What needs to be done:
Reproduced exactly, the lines from the start of the material through the line containing "Singapore Master Room" should be the whole answer, with pictures excluded.

>>>>>

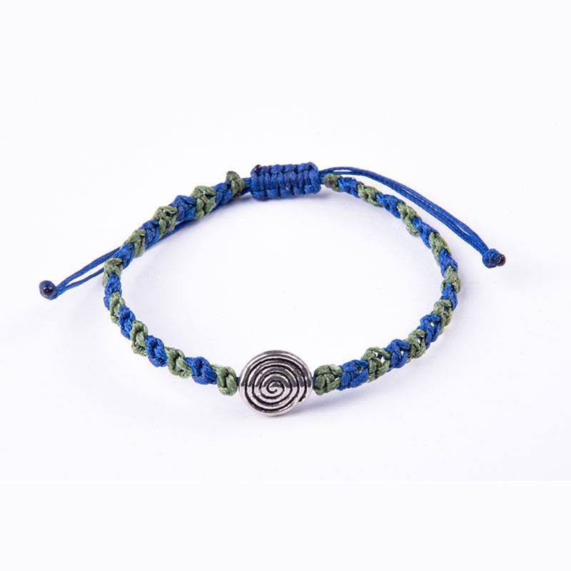 Βραχιόλι μακραμέ με μπλε και πράσινο κερωμένο κορδόνι με μεταλλικό στοιχείο σπείρα, με αυξομείωση
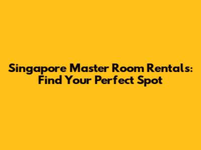 Singapore Master Room Rentals: Find Your Perfect Spot
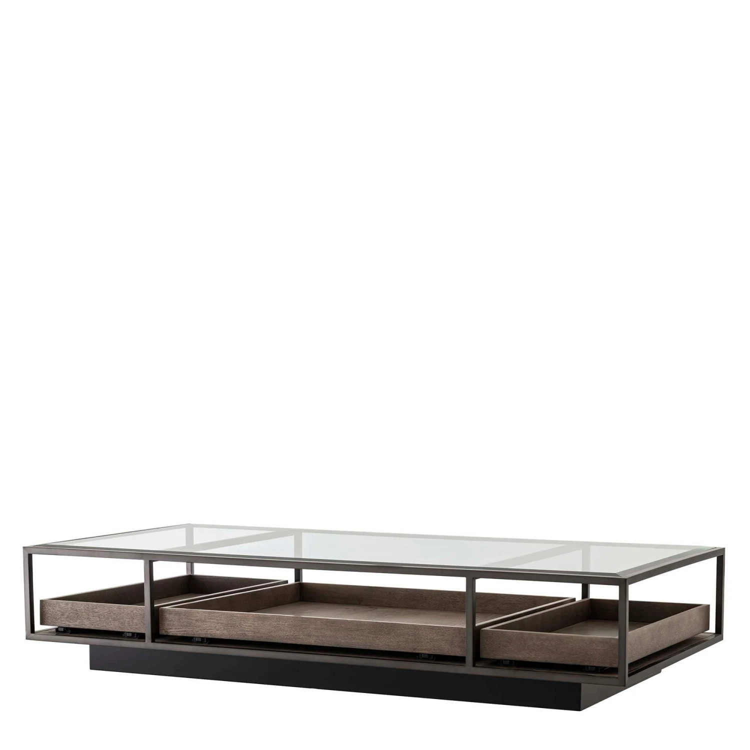Create a striking look in your living room with this hand crafted by skilled artisans display box style coffee table featuring three grey veneer pull-out drawers on rails making your magazines and remotes easily accessible while always clearly visible through the glass top resting on a bronze finish frame.
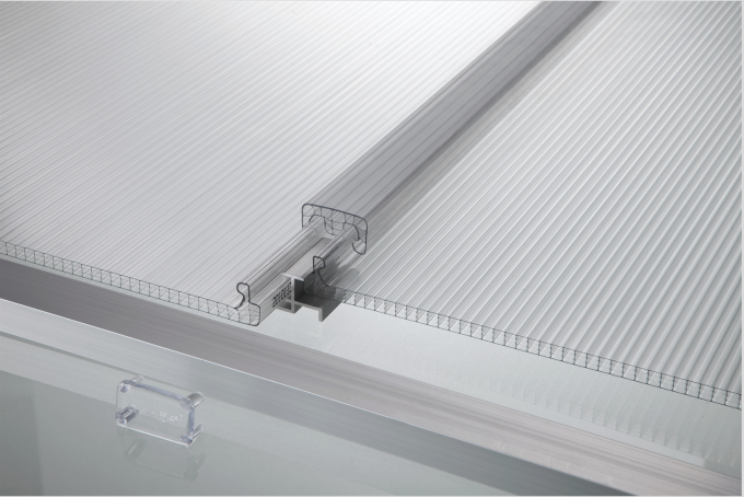 Panel self-lock berbentuk U memiliki sistem penghubung khusus tersendiri. Tidak perlu menggambar lubang untuk sekrup pada lembaran. Dengan demikian dapat memastikan 100% air dan bukti debu. kami menawarkan serangkaian aksesori lengkap untuk panel sistem polikarbonat berbentuk U untuk memastikan pemasangan yang mudah dan rendah.
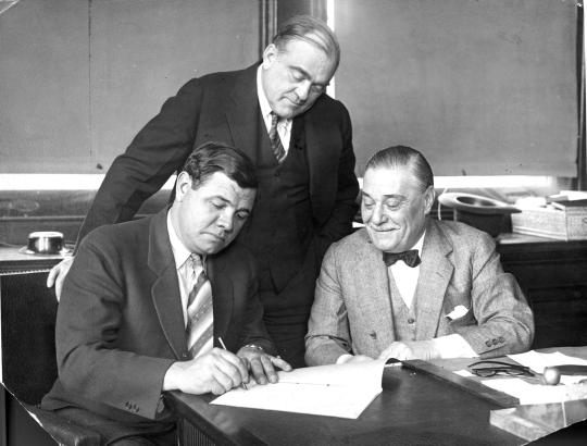 With the filming of “Babe Comes Home” complete, Ruth jumped on a train on Feb. 26 headed for New York City. Upon arriving at Grand Central Station on March 2, Ruth and Ruppert huddled the same day, and the result was a three-year deal for $70,000 a year that made home-run king the highest paid player in the game.
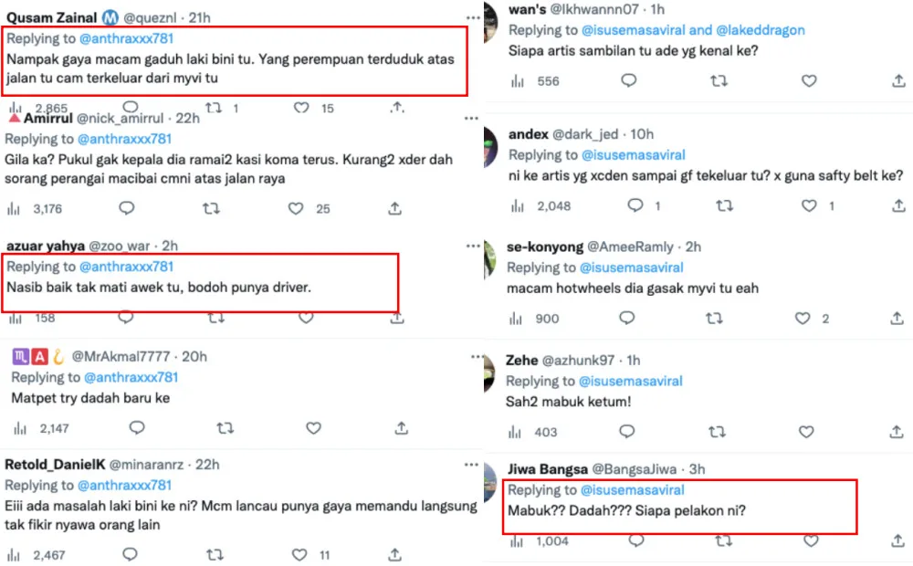 Some netizens speculated that the couple in the Myvi car were arguing, to the point that the driver lost control of the car. Others believe that the driver must have been intoxicated to drive as dangerously as he did. After the video went viral, police were quick to investigate the incident.

<<<<<

Finished exercise:
 Βραχιόλι μακραμέ με μπλε και πράσινο κερωμένο κορδόνι με μεταλλικό στοιχείο σπείρα, με αυξομείωση
 Singapore Master Room Rentals: Find Your Perfect Spot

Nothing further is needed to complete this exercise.